FIG. 1 is a diagram of an example of a schematic configuration of a display device according to an embodiment. FIG. 2 is a diagram of an example of a pixel configuration in a display region.

A display device 1 according to the present embodiment is, for example, a liquid crystal display device provided with liquid crystal display elements as display elements. The display device 1 according to the present disclosure can employ a column inversion driving method or a frame inversion driving method, for example, as a driving method. The driving method in the display device 1 is not limited to the column inversion driving method or the frame inversion driving method.

The display device 1 has a display region AA on a display panel 11, and a drive circuit 40 is provided in a peripheral region of the display region AA. The display device 1 is supplied with electric power from a power supply device 12.

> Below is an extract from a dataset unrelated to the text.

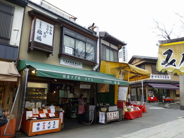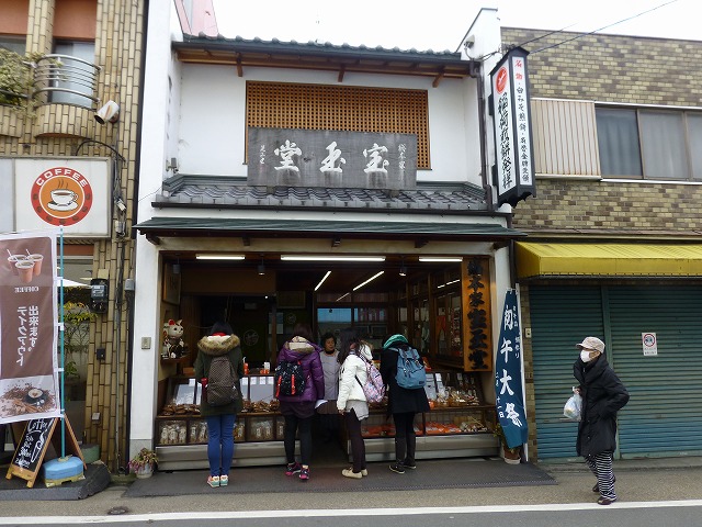 (写真右)途中、「稲荷煎餅発祥 宝玉堂」が。中国人の女の子たちがお買い物中。

The drive circuit 40 includes a gate driver 42, a signal line selection circuit 43, and a display control circuit 44. The gate driver 42 and the signal line selection circuit 43 are thin-film transistor (TFT) circuits formed in the peripheral region of the display region AA. The display control circuit 44 is included in a driver IC 4 mounted in the peripheral region of the display region AA. The driver IC 4 is coupled to a control device 13 via a relay substrate composed of flexible printed circuits (FPC), for example.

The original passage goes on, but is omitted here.